Stewart Mandel blogs about Pac-10 commish Tom Hansen’s threat to take his Rose Bowl ball home if the other kids don’t play nice.

Mandel thinks Hansen’s in a losing position…

So what’s my opinion all this? Well, the traditionalist in me empathizes with Hansen’s protectiveness toward the Rose Bowl and understands why it’s so important to him. But the modern realist in me says — “You’ve got to be kidding, Tom.” Do you really think your members would sign off on a deal that precludes them from playing for the national championship? Their fans would be livid and you’d be run out of town. I love the Rose Bowl, too, but I’m afraid that ship has already sailed.

… and that’s fine.

But there’s one thing in his post I don’t get. In saying that he sees two alternatives in how the Rose Bowl is accomodated, Mandel writes

Either the Rose Bowl factor will prove to be such a significant obstacle that the other BCS conferences will put off reconfiguration until the ABC contract expires. Or, more realistically, the parties will reach some sort of compromise that exempts the Rose Bowl from further dilution. In other words, if the Big Ten or Pac-10 champion is ranked No. 1 or 2, it would still be moved to whatever bowl is hosting the semifinal (which is really no different than today); [Emphasis added.] however, if those teams are No. 3 or 4 (or lower), they’d still play in the Rose Bowl, with the next-rated team moving up to take their spot.

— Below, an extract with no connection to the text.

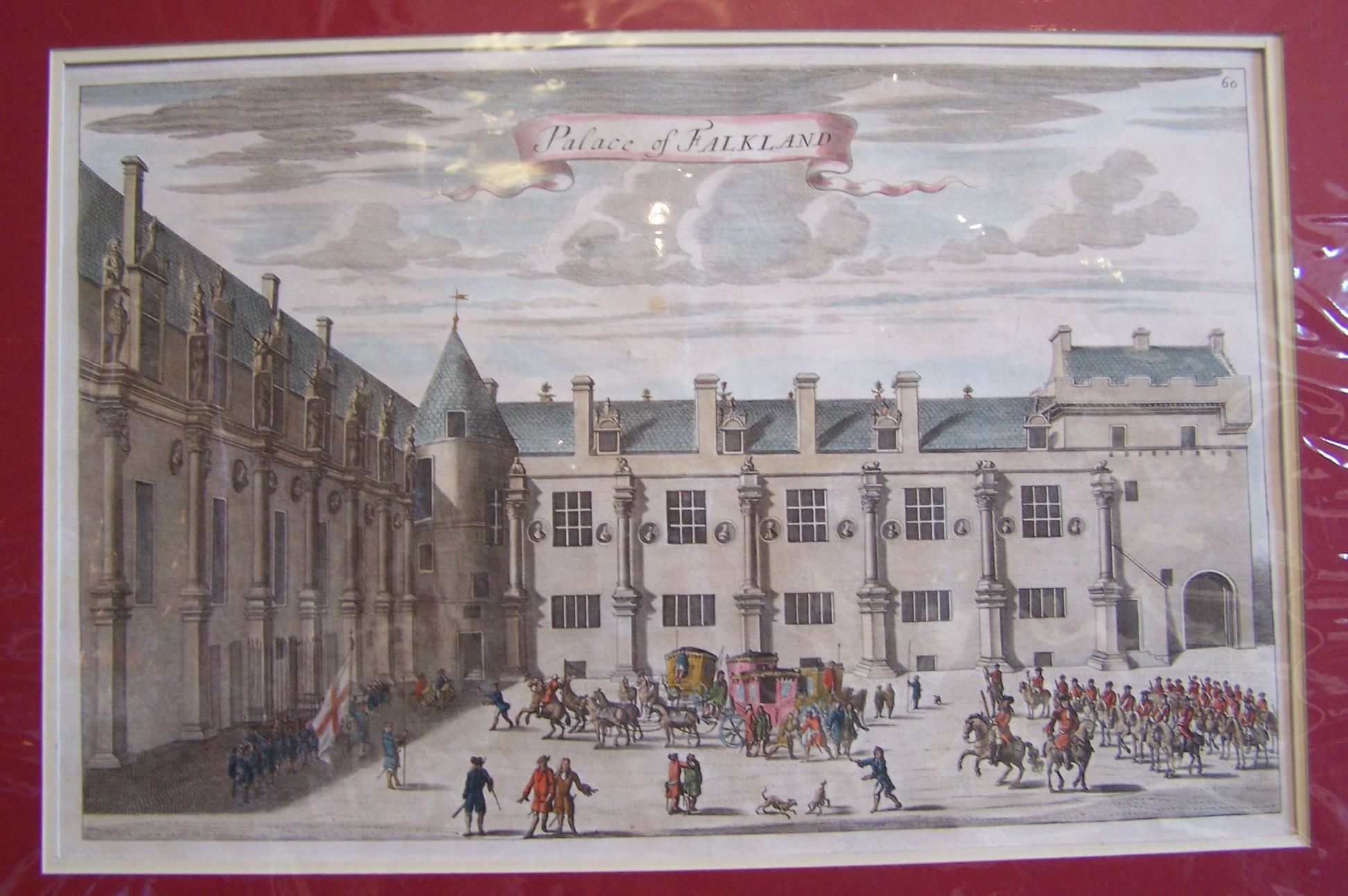 Falkland palace; Culrosse palace and garden; Dunblane cathedral; Melrose abbey; Kelso abbey, 5 engravings by John Slezer, all hand-coloured and handsomely mounted (5)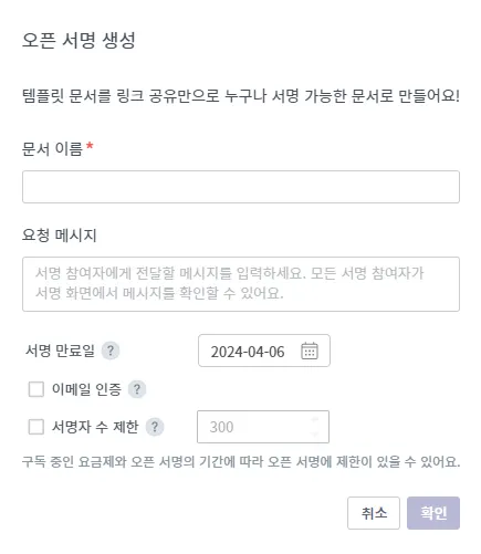※기본값으로 30일 이후 날짜가 설정되어 있습니다. 지정된 만료일이 지나면 해당 오픈 서명 링크는 비활성화 됩니다.

But that’s not right, is it? At present, the Rose Bowl steps aside only for the BCS title game. Under Mandel’s hypothetical, that moves one rung down the ladder, to a lead-in game to the championship. Maybe I’m missing something, but that seems to be a much larger matter than Mandel is making it out to be.

Especially if you’re handing out the checks for the event as ABC and the Rose Bowl do.